**What is expected:** Only one stretch of the data should be retyped: the lines from the line containing "盒子里是一套純金打造的飾品,看得出來(lái)還是古法工藝制作。" through the line containing "Palram Atlas antracit". Keep pictures out of it.
*** Recorded information Section Begins ***
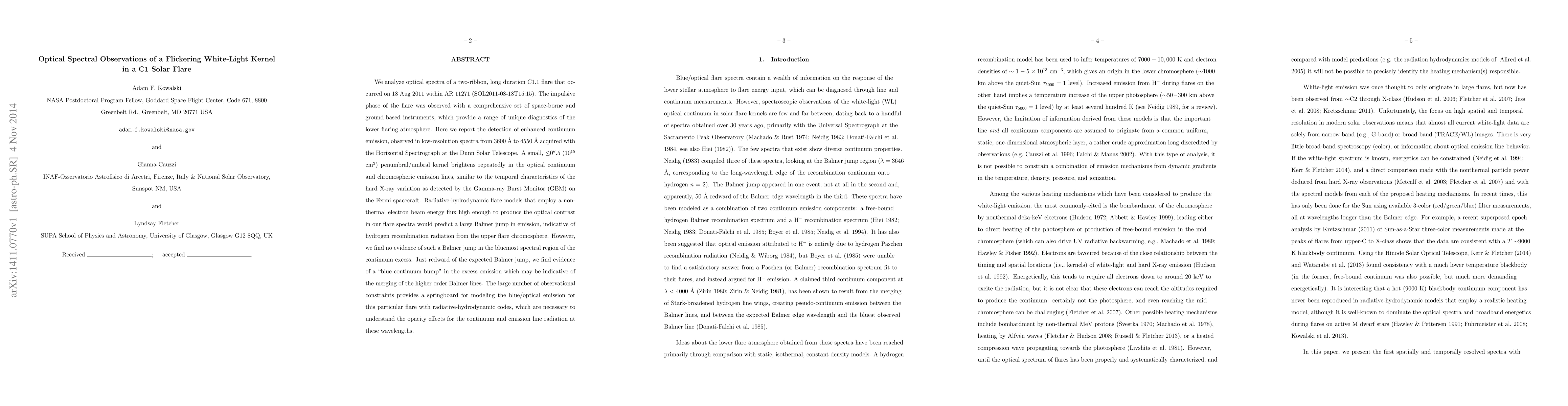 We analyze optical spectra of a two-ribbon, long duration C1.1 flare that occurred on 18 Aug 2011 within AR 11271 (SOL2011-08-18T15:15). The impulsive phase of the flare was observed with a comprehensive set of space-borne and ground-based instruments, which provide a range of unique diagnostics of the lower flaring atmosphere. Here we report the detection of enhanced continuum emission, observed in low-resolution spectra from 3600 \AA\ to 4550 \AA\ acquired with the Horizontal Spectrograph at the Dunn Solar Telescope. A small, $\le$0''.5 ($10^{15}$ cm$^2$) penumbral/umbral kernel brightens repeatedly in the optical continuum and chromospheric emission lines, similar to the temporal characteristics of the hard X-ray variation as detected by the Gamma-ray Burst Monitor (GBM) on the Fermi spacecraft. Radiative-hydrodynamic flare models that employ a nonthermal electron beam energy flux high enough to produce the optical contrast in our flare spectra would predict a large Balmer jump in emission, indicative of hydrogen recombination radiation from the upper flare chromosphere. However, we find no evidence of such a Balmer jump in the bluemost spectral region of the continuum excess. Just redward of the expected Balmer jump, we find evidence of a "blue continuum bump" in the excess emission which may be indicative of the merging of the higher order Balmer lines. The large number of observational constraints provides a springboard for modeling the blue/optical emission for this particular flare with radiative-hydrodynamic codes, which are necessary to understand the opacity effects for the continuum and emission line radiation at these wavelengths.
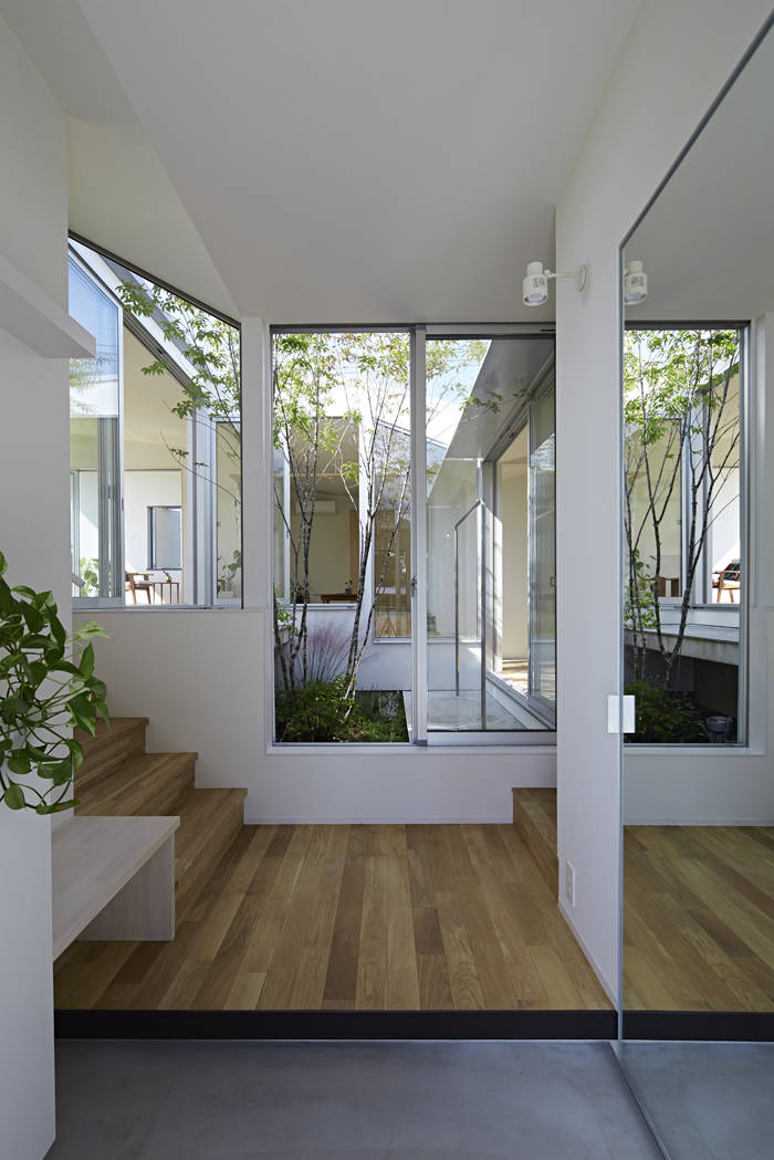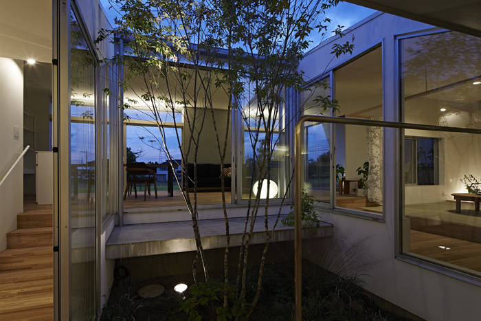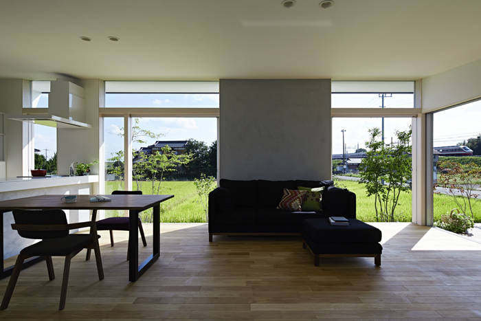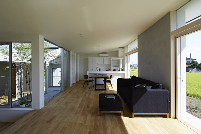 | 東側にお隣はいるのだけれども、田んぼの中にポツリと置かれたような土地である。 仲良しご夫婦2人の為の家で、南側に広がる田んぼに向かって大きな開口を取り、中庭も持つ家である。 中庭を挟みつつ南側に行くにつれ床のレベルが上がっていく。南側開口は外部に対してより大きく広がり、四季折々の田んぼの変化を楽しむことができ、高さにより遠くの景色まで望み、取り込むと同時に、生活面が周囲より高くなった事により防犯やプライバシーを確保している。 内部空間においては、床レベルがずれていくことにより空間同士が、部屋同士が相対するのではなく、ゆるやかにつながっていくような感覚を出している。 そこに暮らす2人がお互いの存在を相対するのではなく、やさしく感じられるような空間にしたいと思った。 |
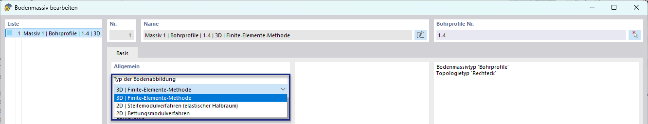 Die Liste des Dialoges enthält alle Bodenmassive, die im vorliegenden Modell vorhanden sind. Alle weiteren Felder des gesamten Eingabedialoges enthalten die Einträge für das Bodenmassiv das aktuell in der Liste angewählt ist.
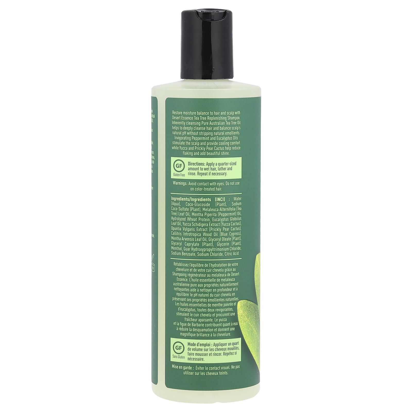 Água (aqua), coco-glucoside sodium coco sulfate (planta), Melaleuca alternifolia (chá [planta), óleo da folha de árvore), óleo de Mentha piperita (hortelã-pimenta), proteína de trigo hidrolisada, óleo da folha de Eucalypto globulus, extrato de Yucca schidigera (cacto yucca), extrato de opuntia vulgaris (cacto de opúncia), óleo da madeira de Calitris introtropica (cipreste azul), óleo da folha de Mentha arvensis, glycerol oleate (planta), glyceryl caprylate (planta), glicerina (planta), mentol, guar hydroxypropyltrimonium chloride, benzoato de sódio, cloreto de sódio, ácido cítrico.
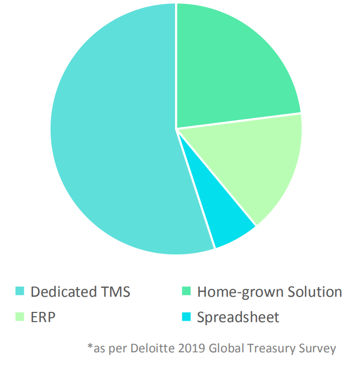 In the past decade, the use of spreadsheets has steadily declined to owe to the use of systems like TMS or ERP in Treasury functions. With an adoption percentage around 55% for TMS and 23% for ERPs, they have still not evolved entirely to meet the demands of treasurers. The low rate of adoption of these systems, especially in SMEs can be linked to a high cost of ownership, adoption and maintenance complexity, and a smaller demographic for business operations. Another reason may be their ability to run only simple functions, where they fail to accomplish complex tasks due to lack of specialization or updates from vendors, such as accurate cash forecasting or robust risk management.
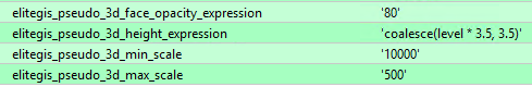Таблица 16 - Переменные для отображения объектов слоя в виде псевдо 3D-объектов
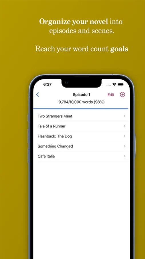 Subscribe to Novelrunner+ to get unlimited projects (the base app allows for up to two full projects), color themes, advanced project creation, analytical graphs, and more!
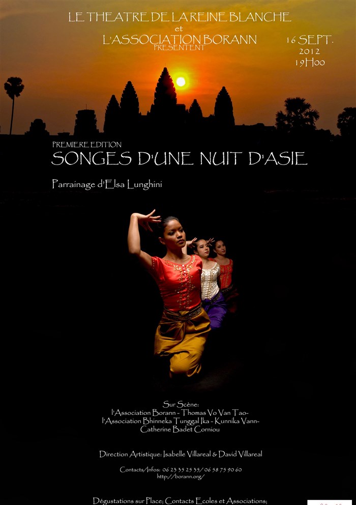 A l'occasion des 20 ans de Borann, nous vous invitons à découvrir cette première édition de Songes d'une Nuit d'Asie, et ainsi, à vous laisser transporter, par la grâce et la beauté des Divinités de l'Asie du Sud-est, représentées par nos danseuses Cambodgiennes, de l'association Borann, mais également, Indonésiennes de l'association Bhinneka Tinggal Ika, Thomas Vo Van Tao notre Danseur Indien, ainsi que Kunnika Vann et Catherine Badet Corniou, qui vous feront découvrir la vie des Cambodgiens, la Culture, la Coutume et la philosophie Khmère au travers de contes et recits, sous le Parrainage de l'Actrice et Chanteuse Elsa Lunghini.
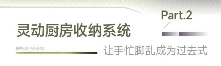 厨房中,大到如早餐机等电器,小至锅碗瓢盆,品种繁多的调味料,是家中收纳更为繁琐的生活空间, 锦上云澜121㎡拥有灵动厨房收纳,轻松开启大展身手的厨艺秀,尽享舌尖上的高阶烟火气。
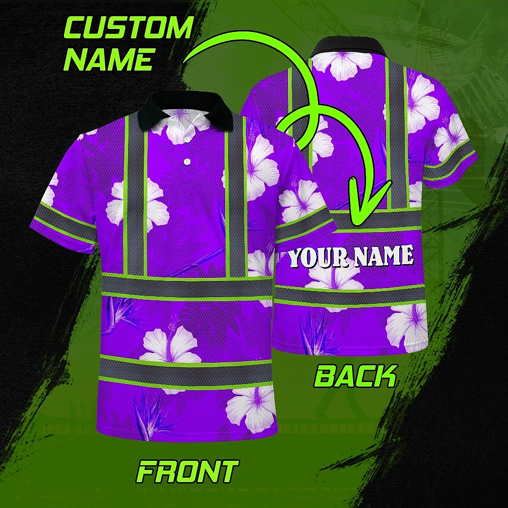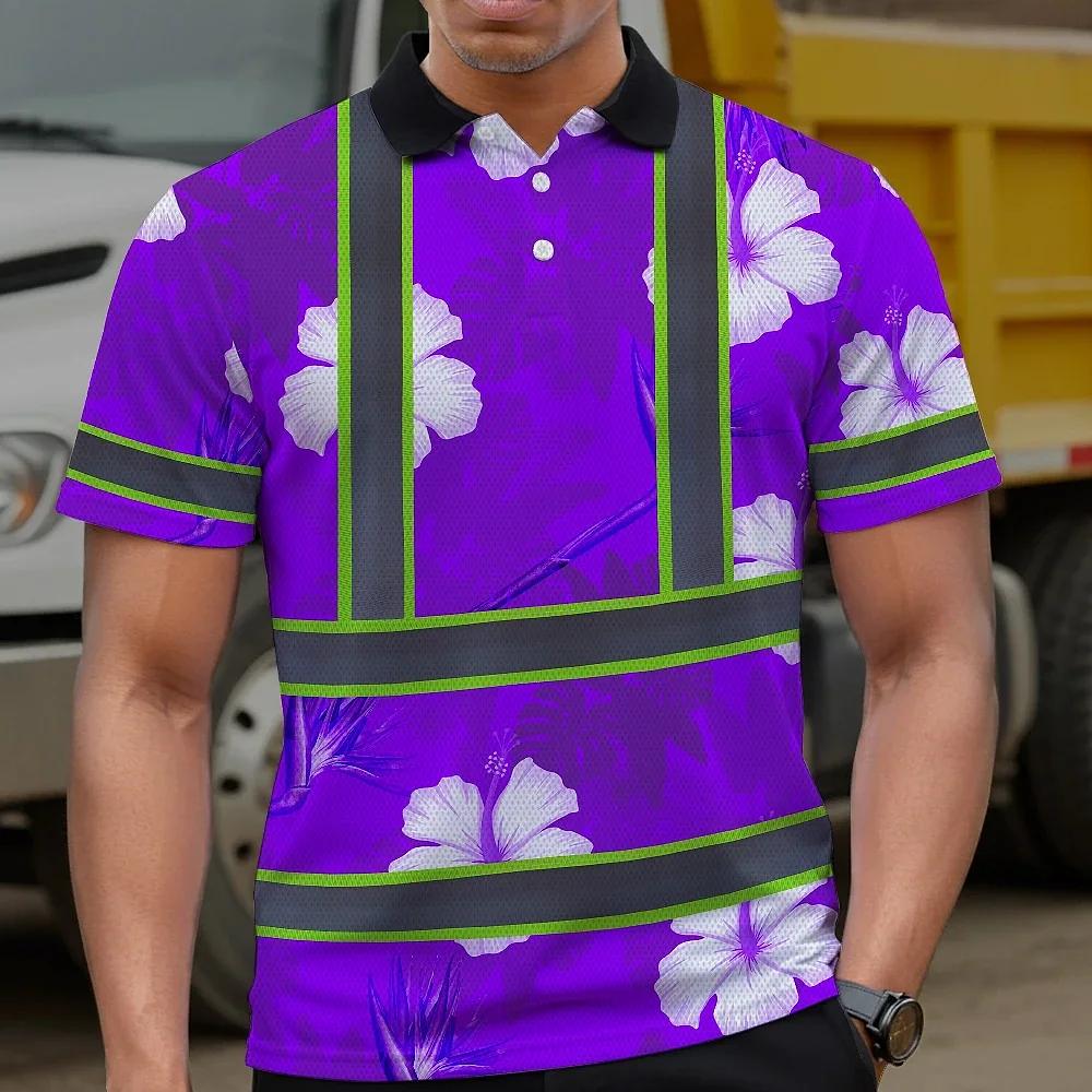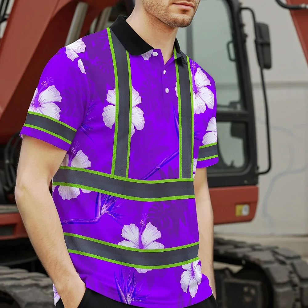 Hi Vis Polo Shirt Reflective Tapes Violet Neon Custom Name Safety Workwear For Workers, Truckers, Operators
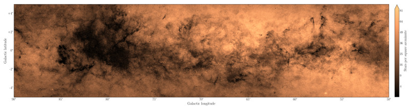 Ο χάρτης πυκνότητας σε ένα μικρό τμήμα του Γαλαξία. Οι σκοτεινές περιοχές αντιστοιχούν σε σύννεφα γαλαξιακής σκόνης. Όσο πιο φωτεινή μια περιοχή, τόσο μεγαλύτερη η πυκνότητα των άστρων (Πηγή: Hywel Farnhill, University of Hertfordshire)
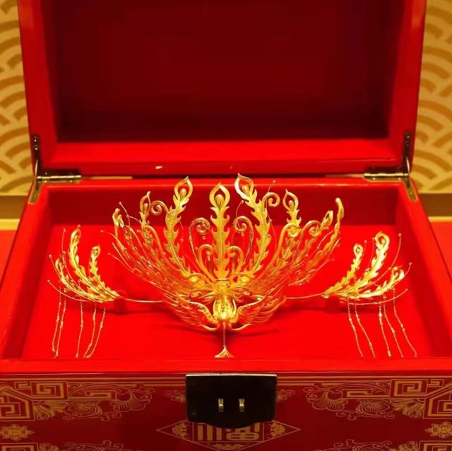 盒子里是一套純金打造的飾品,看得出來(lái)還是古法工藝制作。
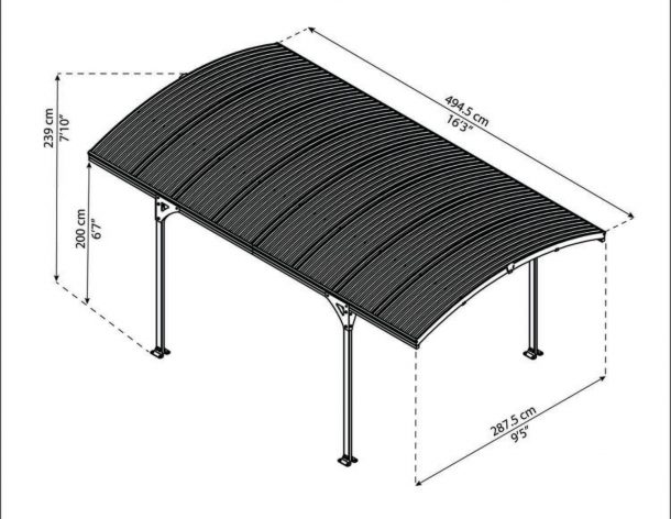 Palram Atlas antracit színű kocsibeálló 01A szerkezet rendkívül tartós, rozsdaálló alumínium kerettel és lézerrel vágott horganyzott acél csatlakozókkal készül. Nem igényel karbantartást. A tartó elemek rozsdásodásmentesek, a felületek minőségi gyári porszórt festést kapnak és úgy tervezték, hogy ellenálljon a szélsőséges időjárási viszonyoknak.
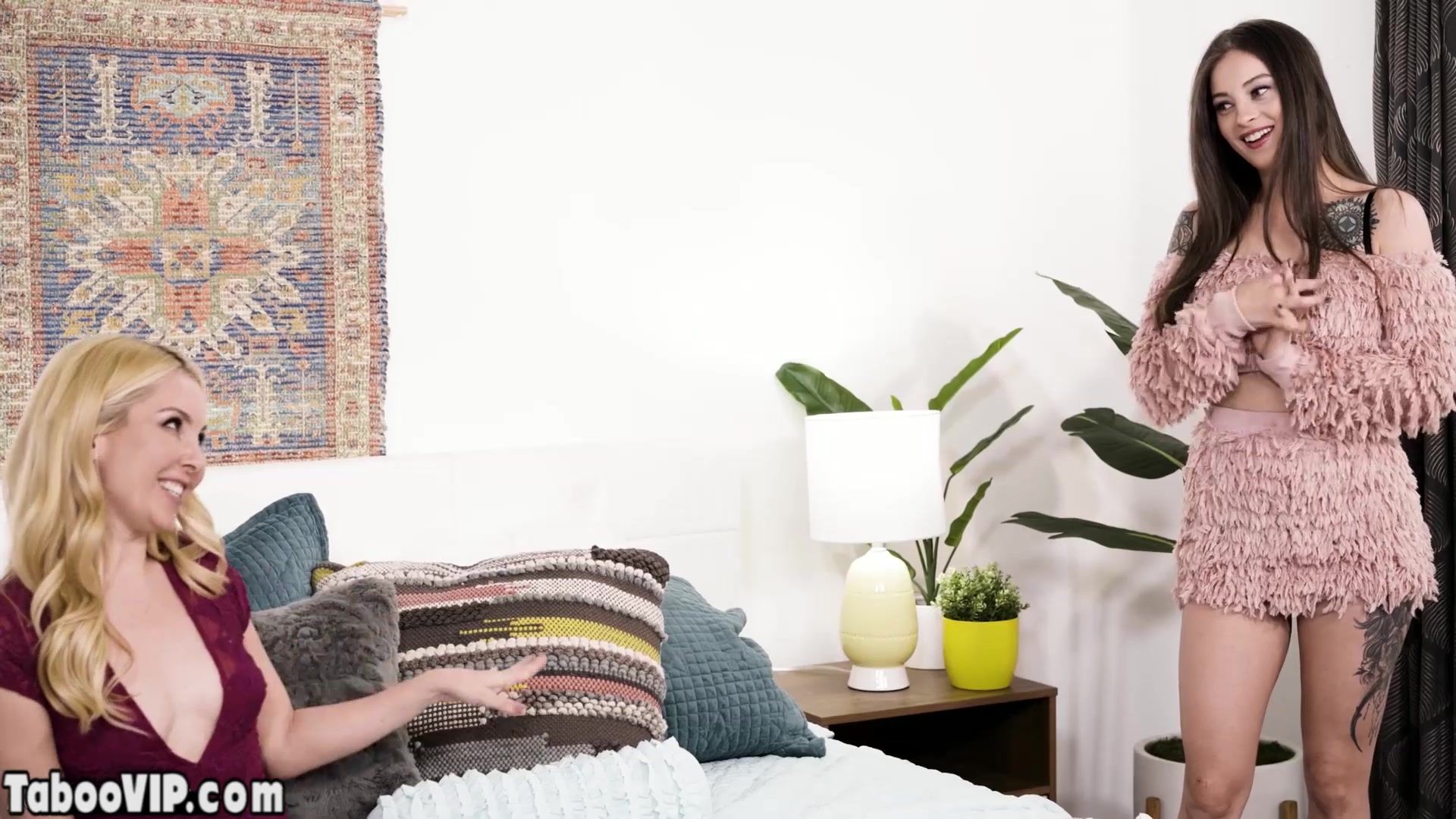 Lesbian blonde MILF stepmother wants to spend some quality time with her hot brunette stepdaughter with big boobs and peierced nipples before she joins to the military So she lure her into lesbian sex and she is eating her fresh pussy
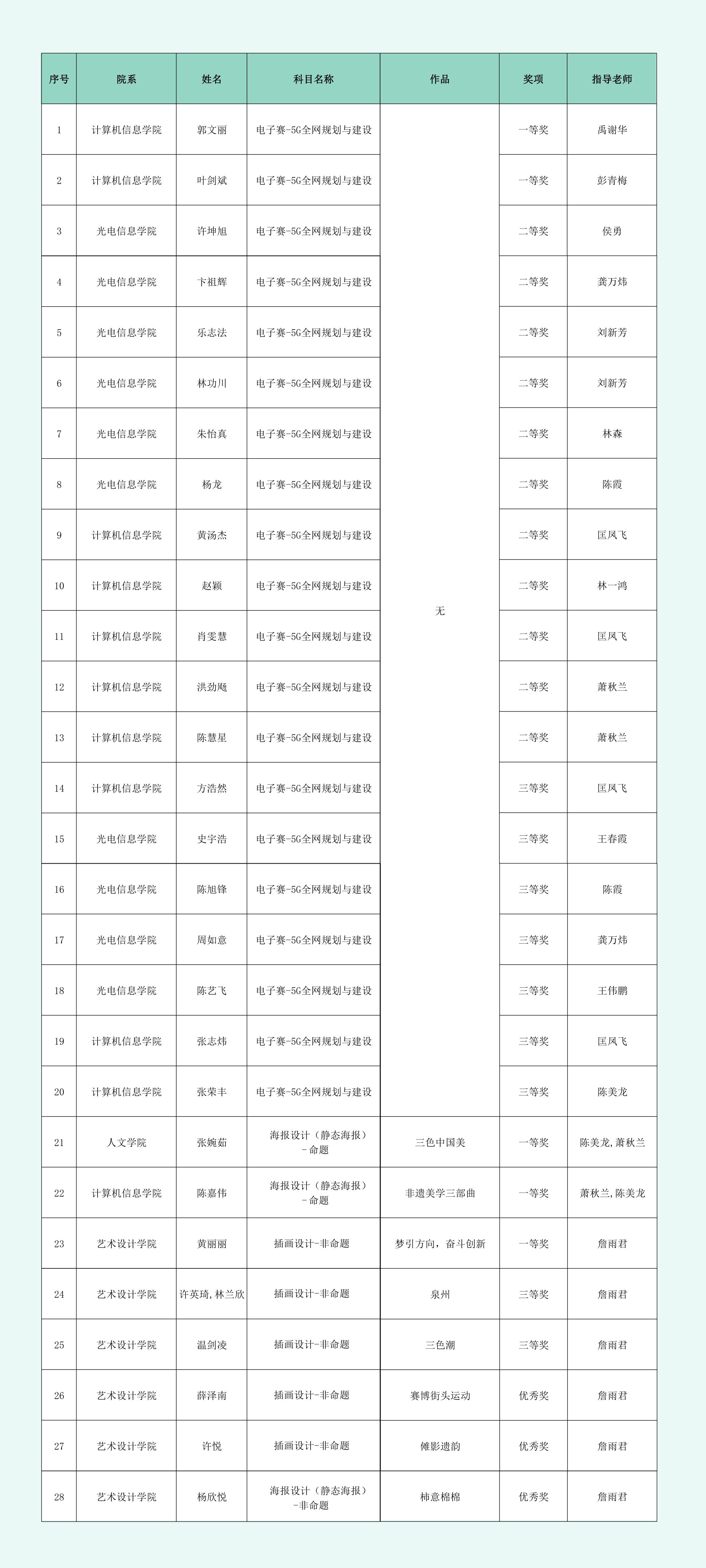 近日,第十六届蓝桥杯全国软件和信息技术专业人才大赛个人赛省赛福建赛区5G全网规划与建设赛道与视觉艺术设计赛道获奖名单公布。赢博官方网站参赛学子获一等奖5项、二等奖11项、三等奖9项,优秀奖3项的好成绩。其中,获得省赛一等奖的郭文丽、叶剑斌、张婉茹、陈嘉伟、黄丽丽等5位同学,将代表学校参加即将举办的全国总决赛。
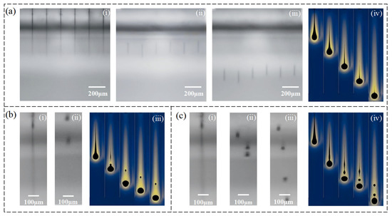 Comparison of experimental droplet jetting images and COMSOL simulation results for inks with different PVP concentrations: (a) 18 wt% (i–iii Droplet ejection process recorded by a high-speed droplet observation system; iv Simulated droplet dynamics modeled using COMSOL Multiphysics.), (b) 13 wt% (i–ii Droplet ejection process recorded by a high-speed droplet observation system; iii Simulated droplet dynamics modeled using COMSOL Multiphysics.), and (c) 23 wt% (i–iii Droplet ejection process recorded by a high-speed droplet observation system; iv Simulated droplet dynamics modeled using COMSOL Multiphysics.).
*** Recorded information Section Ends ***
**Output of the task:**
 盒子里是一套純金打造的飾品,看得出來(lái)還是古法工藝制作。
 Palram Atlas antracit színű kocsibeálló 01A szerkezet rendkívül tartós, rozsdaálló alumínium kerettel és lézerrel vágott horganyzott acél csatlakozókkal készül. Nem igényel karbantartást. A tartó elemek rozsdásodásmentesek, a felületek minőségi gyári porszórt festést kapnak és úgy tervezték, hogy ellenálljon a szélsőséges időjárási viszonyoknak.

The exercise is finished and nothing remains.